Les paroisses et les conseils presbytéraux ont déjà été appelés à examiner les projets de textes constitutifs et les modalités financières de l’Union. L’objectif est de s’approprier ces textes, de les vérifier et de les améliorer. Leur délégué au synode est leur porte-parole.

Il s’agit d’une union et pas d’une fusion : ainsi, ce qui est recherché c’est de mettre en œuvre une union au niveau des institutions d’Églises en maintenant une légitime diversité. L’unicité doit veiller à maintenir la diversité des accents de chacune des traditions. Ces deux Églises ont déjà beaucoup de choses en commun (l’organisation presbytéro synodale, la formation initiale des ministres au sein de l’institut protestant de théologie, la mobilité fréquente de pasteurs d’une Église à l’autre…) mais il s’agit de garantir le respect des minorités.

Le débat est ouvert.

Au-delà des problématiques institutionnelles, une autre préoccupation est à l’œuvre au travers de cette union : Comment au coeur du monde, réaffirmer ensemble sa vocation : écouter la Parole de Dieu et la partager avec ses contemporains ? La perspective luthéro-réformée affirme que là où la Parole est écoutée, là est l’Église…

Les synodes régionaux abordent aussi d’autres domaines qui touchent de façon très pratique au fonctionnement des Églises locales : ainsi dans plusieurs régions la question est posée d’une réorganisation de leur fonctionnement. Celles-ci sont appelées à une réflexion sur le rôle et la fonction du pasteur, à l’intérieur de nouveaux espaces, les bassins de vie. Ainsi, par exemple, dans la région  Centre Alpes Rhône, le synode invite ses membres à réfléchir à de nouvelles façons de partager les engagements en église Cela devrait aboutir à une mutualisation et un redéploiement des postes pastoraux et des ministres, par exemple, dans un cadre plus large que celui de la paroisse traditionnelle. Certes, ce sont au départ, des considérations financières qui incitent à un changement des habitudes de fonctionnement. Cependant, au -delà de cette question, on peut discerner aussi une chance à saisir. Ainsi, ré-envisager ensemble une façon nouvelle de vivre l’Église, n’est-ce pas ouvrir des chemins nouveaux, voire se donner du souffle et de l’élan ! Quelle est la vocation de l’Église ? Qu’en attendons nous, aujourd’hui ? Il s’agit bien sûr de se mettre à l’écoute de Dieu…

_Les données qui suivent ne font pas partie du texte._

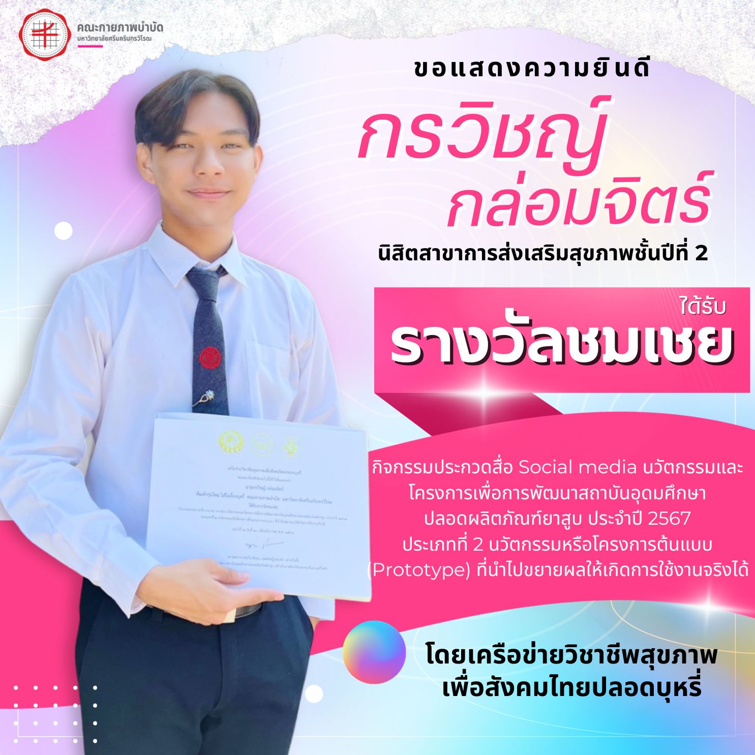 กรวิชญ์ กล่อมจิตร์ นิสิตสาขาการส่งเสริมสุขภาพ ชั้นปีที่ 2 คณะกายภาพบำบัด มศว ที่ได้รับ "รางวัลชมเชย" กิจกรรมประกวดสื่อ Social media นวัตกรรมและโครงการเพื่อการพัฒนาสถาบันอุดมศึกษาปลอดผลิตภัณฑ์ยาสูบ ประจำปี 2567 ประเภทที่ 2 นวัตกรรมหรือโครงการต้นแบบ (Prototype) ที่นำไปขยายผลให้เกิดการใช้งานจริงได้ โดยเครือข่ายวิชาชีพสุขภาพเพื่อสังคมไทยปลอดบุหรี่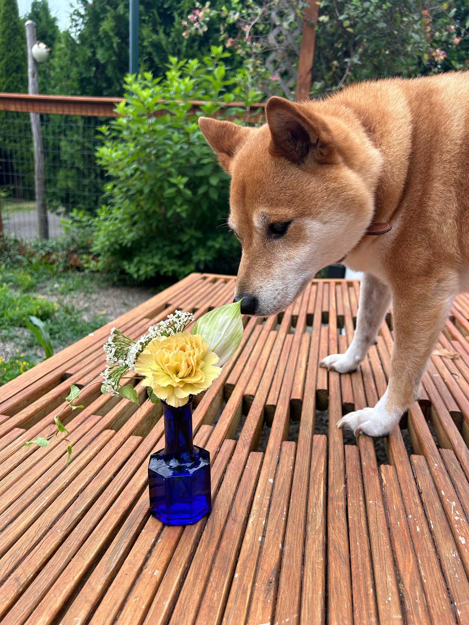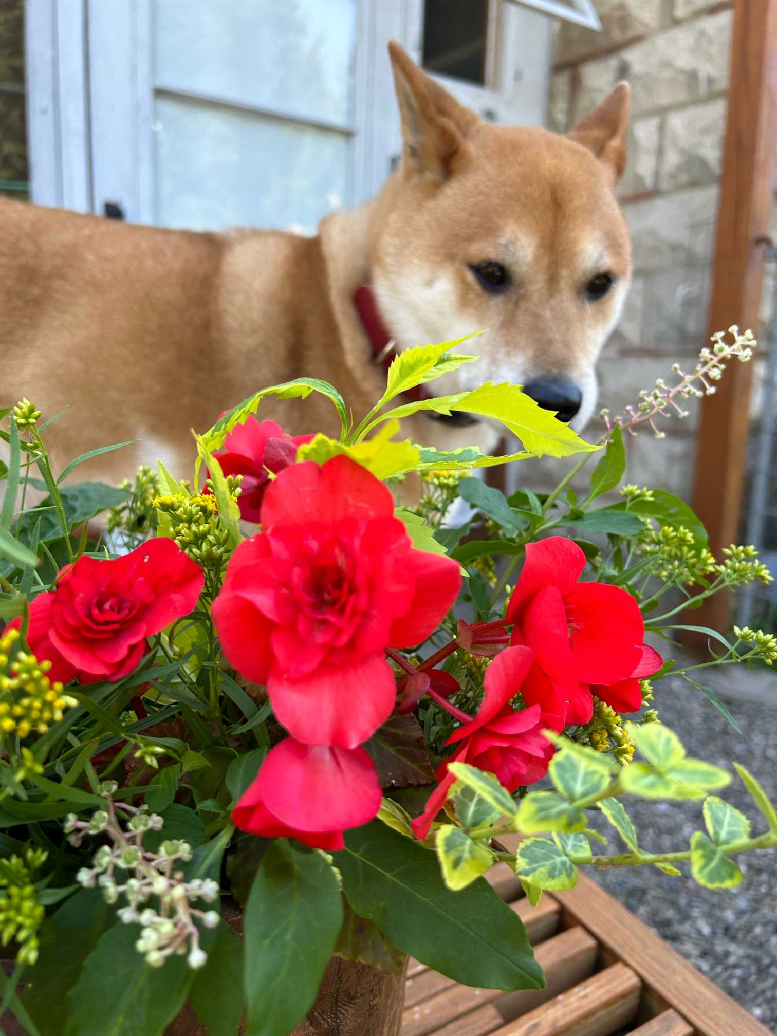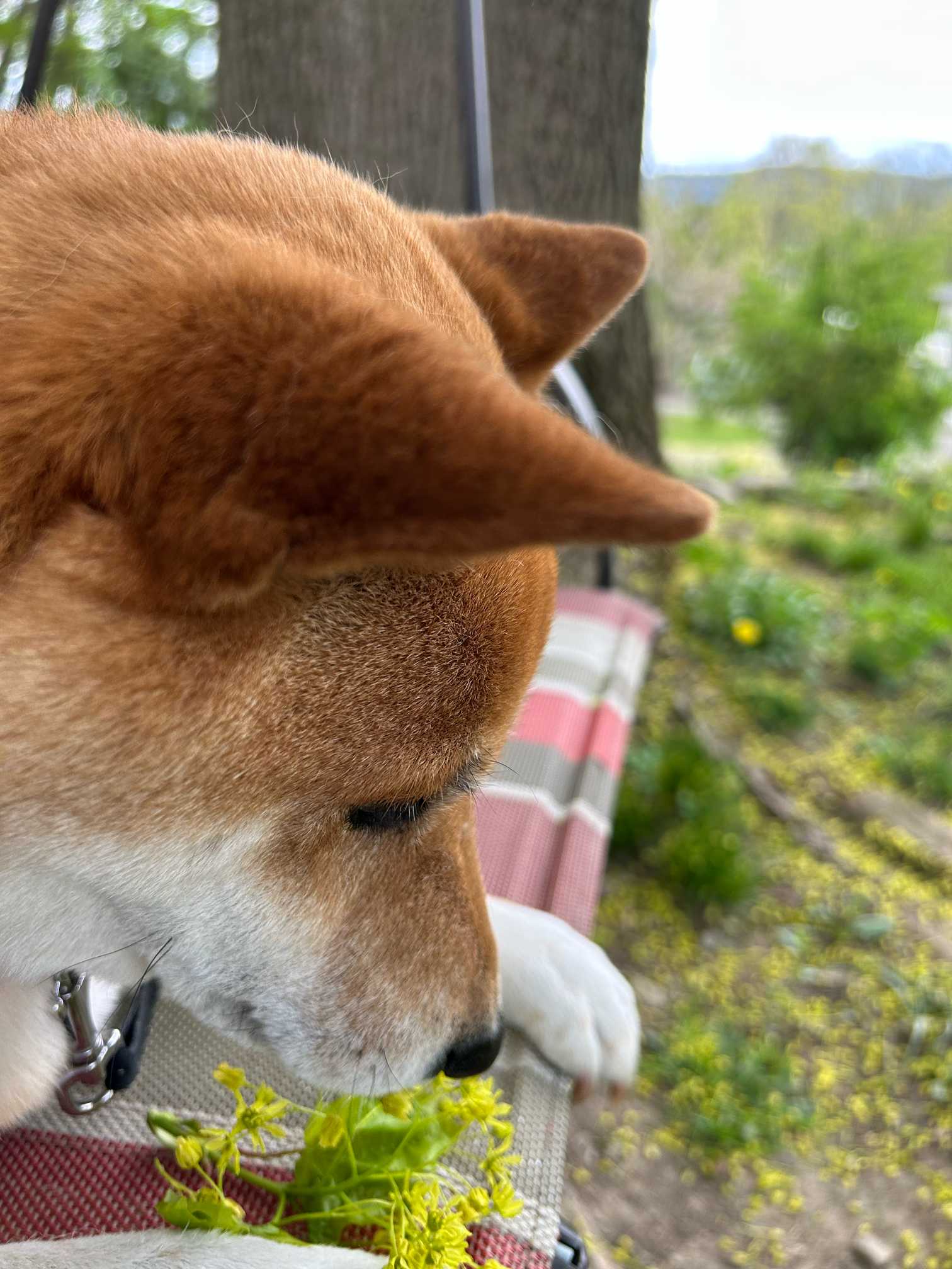 クン活でいつもお花をチェックするサスケ。犬と花の好きな人用、ゆるいみどりのまとめです。説明はありません。サスケのひとり言のみです

Au travers de ces différentes perspectives, on peut légitimement penser que les protestants réformés sont aujourd’hui appelés à innover… à expérimenter une nouvelle façon de « faire Église », en quelque sorte. L’initiative et la proposition intitulée « Écoute, Dieu nous parle » invite à « mettre en valeur ou à retrouver le sel, le cœur de la vie de l’Eglise et de sa mission. Et il s’agit en plus, d’oser imaginer et vivre une expérience inédite, permettant à chaque Église locale d’écouter la parole de Dieu avec d’autres ».

À chacun des membres de s’approprier ces propositions, mais aussi d’être inventif et créatif, pour répondre aux besoins qu’expriment nos contemporains.